Curve microgrooves on #45 steel.
5.1. Experiments on T2 Copper
A square wave microgroove on T2 copper is machined by the parameters listed in Table 2. The micrograph of microgroove is shown in Figure 8(a), and its partial enlarged detail is shown in Figure 8(b), and its width and depth variation with the machining distance is shown in Figure 8(c). As shown in Figure 8, the maximum width and depth variations on the overall length are 3.1 μm and 4.7 μm, respectively, and the microgroove has good uniformity in width and depth.

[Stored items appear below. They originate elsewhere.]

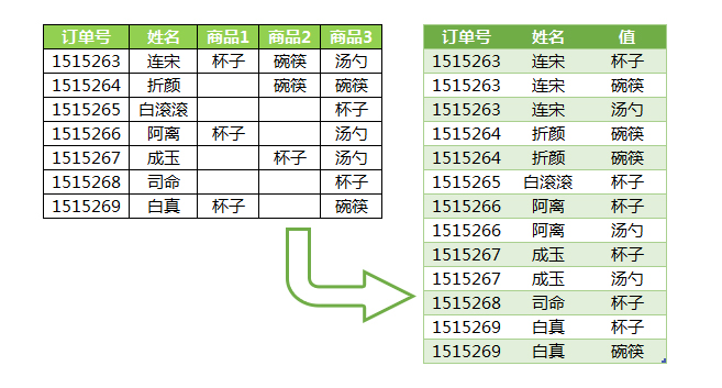Excel二维表如何转换为一维表?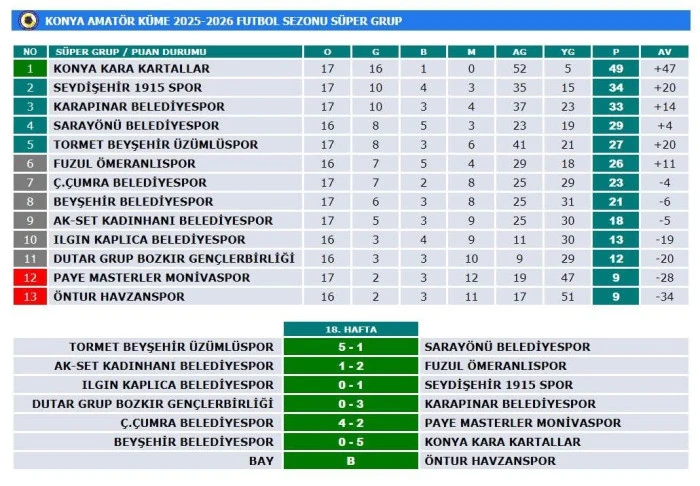 Öte yandan Beyşehir Belediyespor, Konya’da oynanan mücadelede lider Kara Kartallarspor karşısında istediği sonucu alamadı. Mavi-beyazlılar sahadan 5-0 mağlup ayrılarak play-off yarışında önemli bir kayıp yaşadı.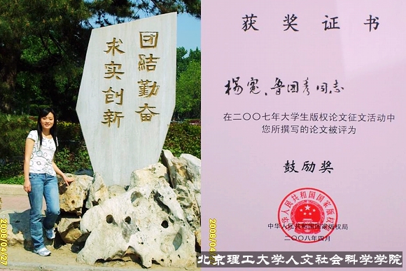 由于对专业的喜爱,我积极参与了相关的各项学术活动。在过程中我感受到了专业理论研究的博大精深,也收获了许多经验和荣誉。2007年下半年,撰写了论文 《浅论网络服务提供者的责任问题》,这篇文章在《米兰milan官方网站学报》(社会科学版)2008年第2期发表。2008年4月,我所写的《网络服务提供者的责任问题简析》一文获得中国国家版权局主办的“全国大学生版权论文征文活动”三等奖,并收录在《青春与版权同行》论文集中。此外我还参与了两个法学领域课题小组的研究活动,一个是中国人民大学中欧法学研究项目“有限责任公司小股东退出机制”的课题研究,并预计发表论文1篇。另一个是米兰milan官方网站国家大学生创新性试验计划项目“我国农村土地承包经营权的流转和创新”,我们结合实地调查得出的数据,通过撰写论文的形式归纳了我们的调查研究结果。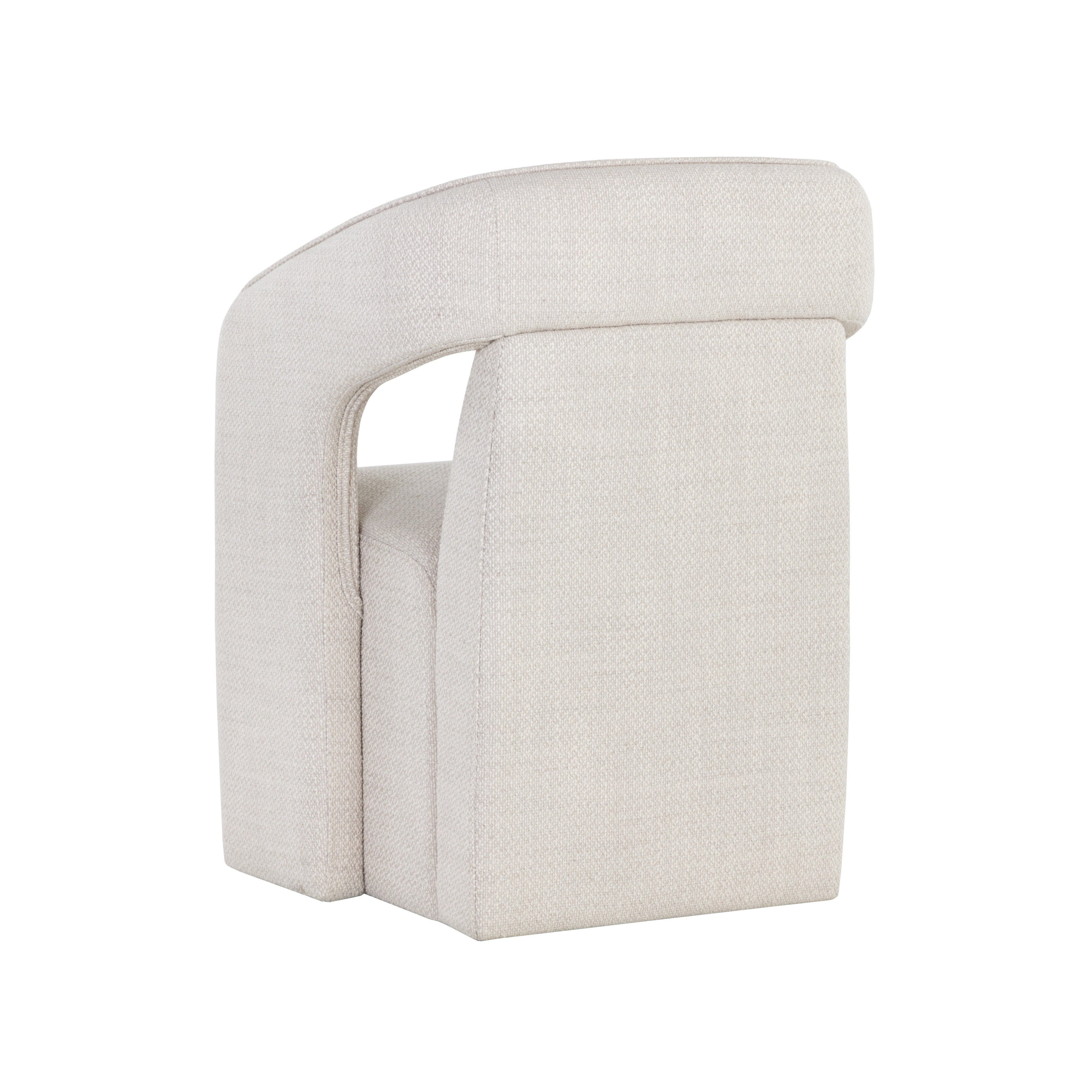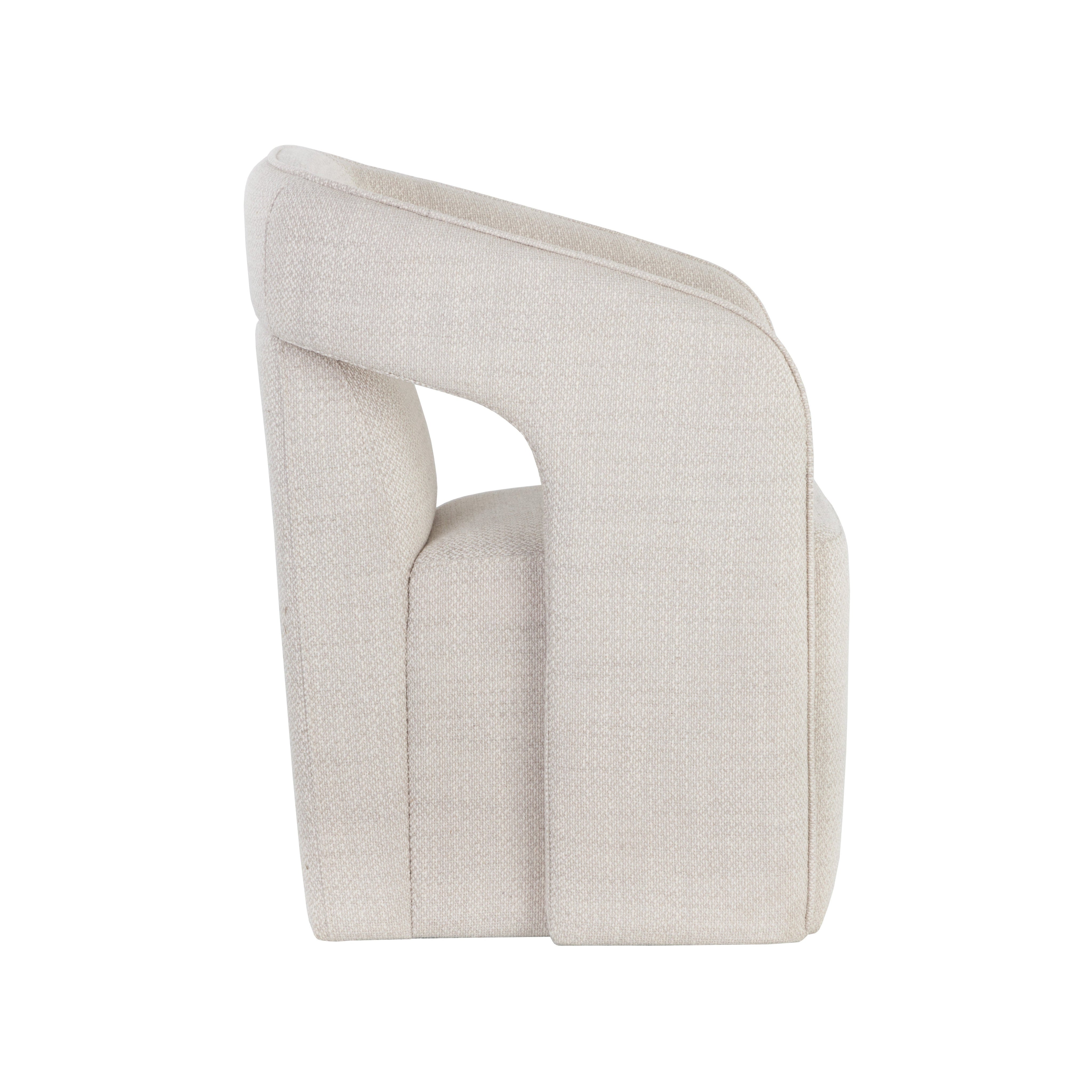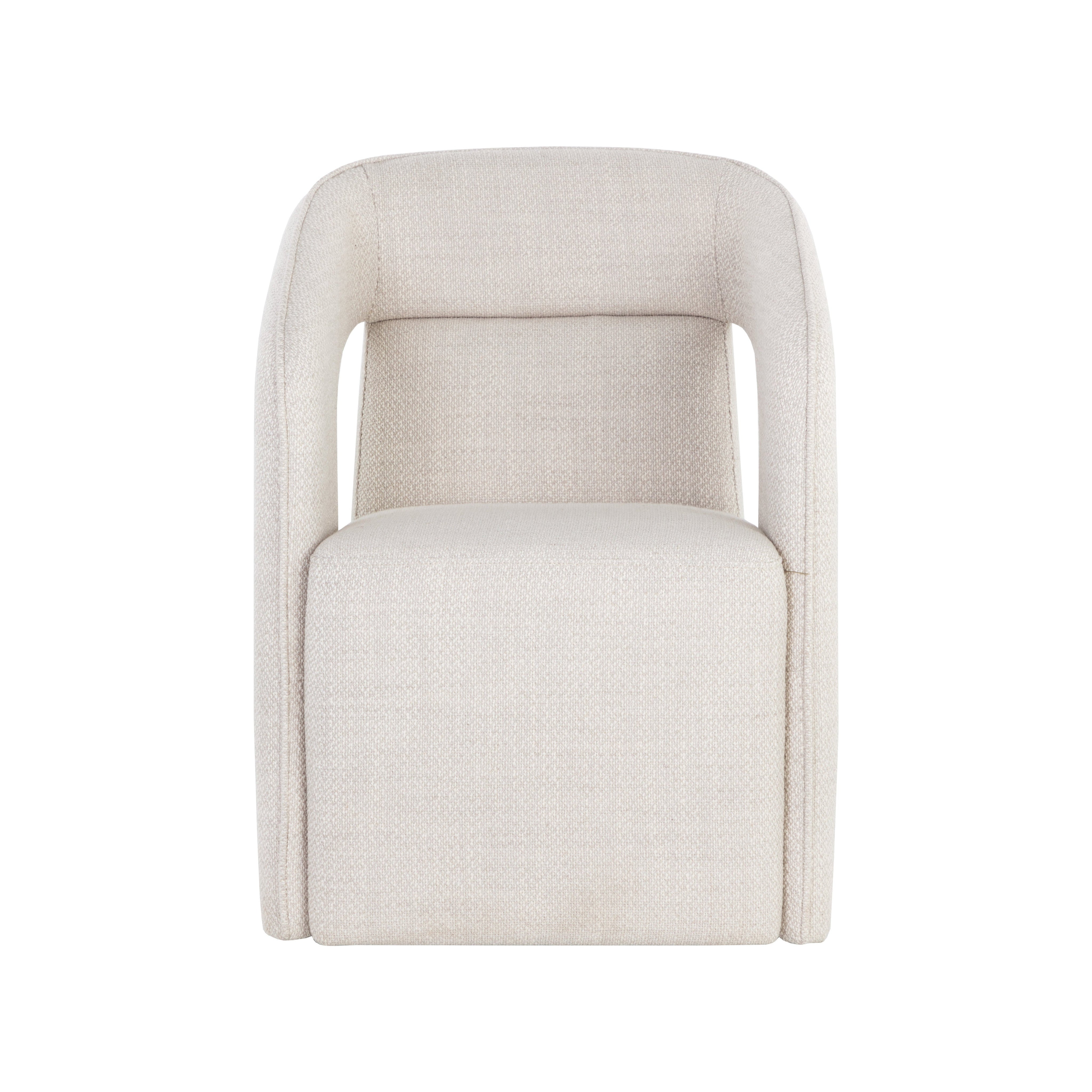 A futuristic wheeled dining armchair featuring cut out arms and a large, comfortable seat. Stocked in moto stucco performance fabric. Performance fabric is moisture repellent, durable and easy to clean.

5.2. Experiments on Aluminium Alloy
A short microgroove with 600 μm length on aluminium alloy is machined by the parameters listed in Table 8. The micrograph of short microgroove is shown in Figure 9(a) and its 3D topography with bottom profile is shown in Figure 9(b). Figure 9 indicates that the maximum depth of the microgroove is 50.4 μm, and the microgroove has good bottom surface profiles.
Compensation parameters.
5.3. Experiments on #45 Steel
Two curve microgrooves are machined on #45 steel by the parameters listed in Table 9. The micrograph of machined curve microgrooves is shown in Figure 10(a), and its 3D topography of upper groove is shown in Figure 10(b), and width and depth variation with machining distance is shown in Figure 10(c). As shown in Figure 10, depth variation on about 500 μm long range is 3.8 μm, and the maximum width and depth variations on the overall length are 3.5 μm and 5.3 μm, respectively, and the curve microgroove has good bottom surface profiles.
Compensation parameters.
As shown in Figures 8–10, the microgrooves and structure have good bottom surface profiles, which indicate that the proposed method in the paper can effectively and accurately measure the RVWR of most electrodes in machining different materials.
6. Conclusion
In this paper, in microgrooves EDM, experimental results on electrode compensation show that the RVWR obtained by conventional measurement method is inaccurate and can result in variation of groove depth. Then, based on electrical debris composition analysis, a new RVWR measurement method is proposed, which can be applicable to different electrodes machining different workpiece materials without simplifying the processing environment. The RVWR of machining T2 copper, aluminum alloy, and #45 steel using the electrodes of tungsten, molybdenum, and copper are measured. Selection of electrode with high electrical erosion resistance and accurate electrode compensation experiments are conducted according to the measuring results. Experiments on microgrooves show that the machined microstructures have good bottom surface profiles, which indicates that the proposed method is an effective way to accurately measure the RVWR of most electrodes in machining different workpiece materials. This research conclusion can be adopted as a basis in selecting electrode material reasonably and ensuring the accurate compensation in micro-EDM. Further study is suggested to focus on measuring the RVWR of more electrode materials and workpiece materials with plenty of experiments and establishing a database of widely used electrodes in machining different workpiece materials, which can provide an important reference to practical applications.
Conflict of Interests
The authors declare that there is no conflict of interests regarding the publication of this paper.
Footnotes
Acknowledgments
This paper is supported by the National Natural Science Foundation of China (Grant no. 51005036).